Without the pictures, return each record as it appears.
┌──
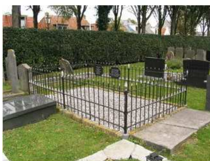
08.07 en 08.08
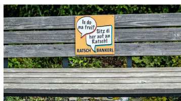
Eins der Ratschbankerl
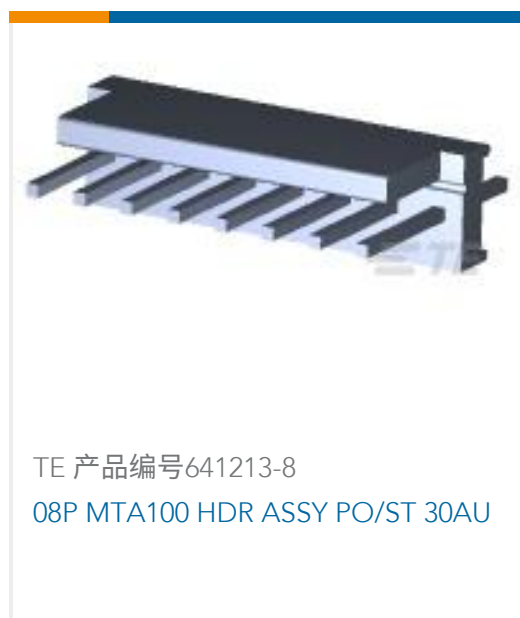
TE 产品编号641213-8 08P MTA100 HDR ASSY PO/ST 30AU
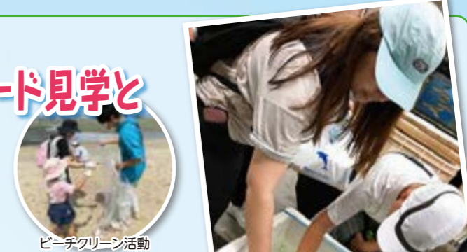
ビーチクリーン活動
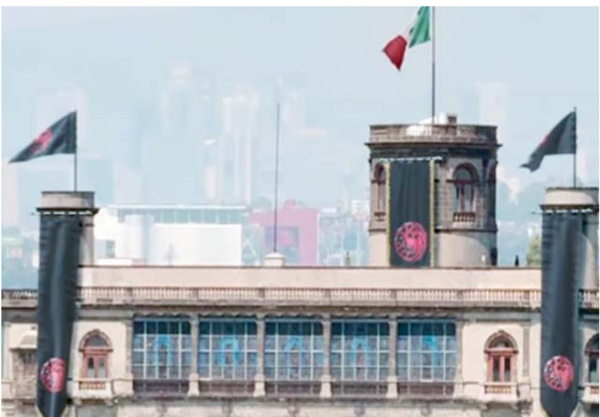
La plataforma Max difundió una campaña para promover la segunda temporada de este "spin-off".
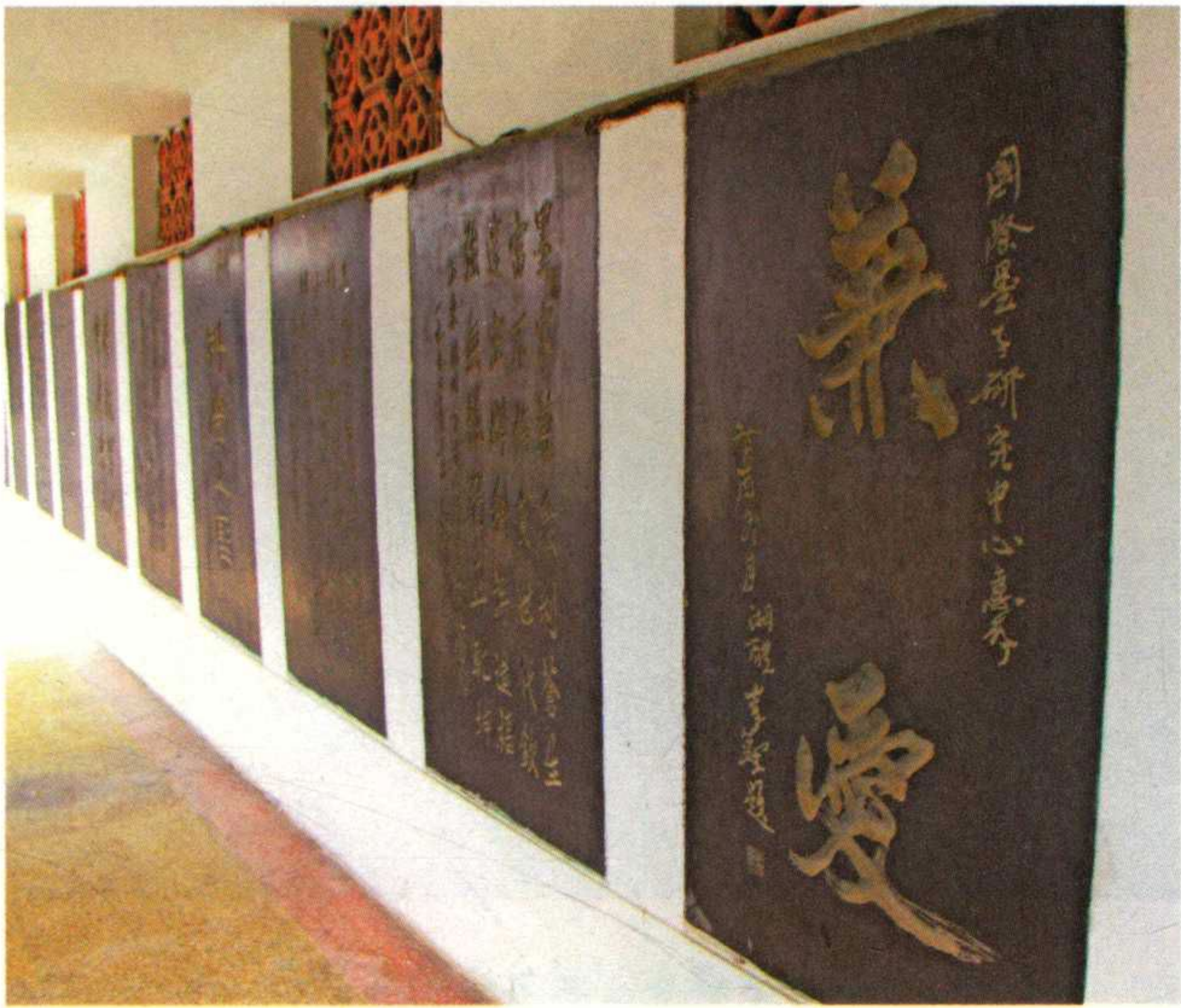
墨子纪念馆名人石刻碑廊
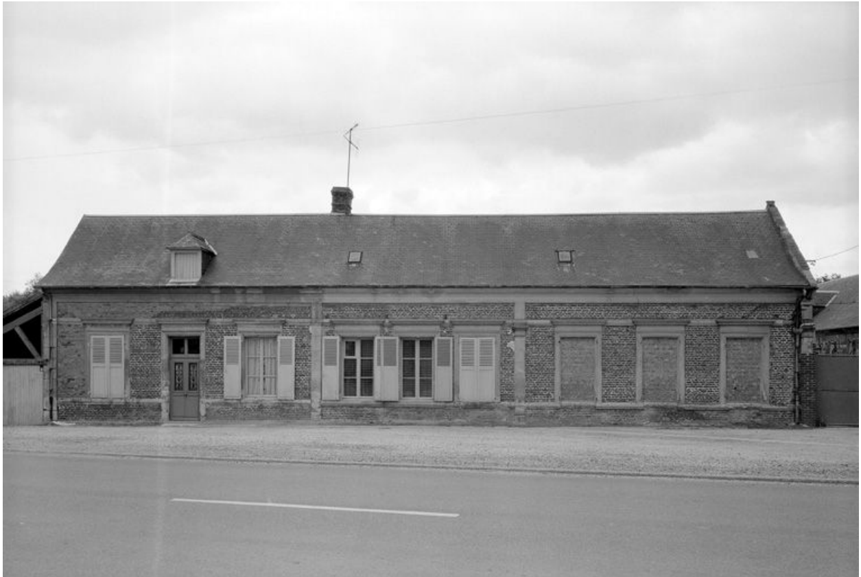
Logis. Elévation sur rue.
└──
Solution to this exercise:
08.07 en 08.08
Eins der Ratschbankerl
TE 产品编号641213-8 08P MTA100 HDR ASSY PO/ST 30AU
ビーチクリーン活動
La plataforma Max difundió una campaña para promover la segunda temporada de este "spin-off".
墨子纪念馆名人石刻碑廊
Logis. Elévation sur rue.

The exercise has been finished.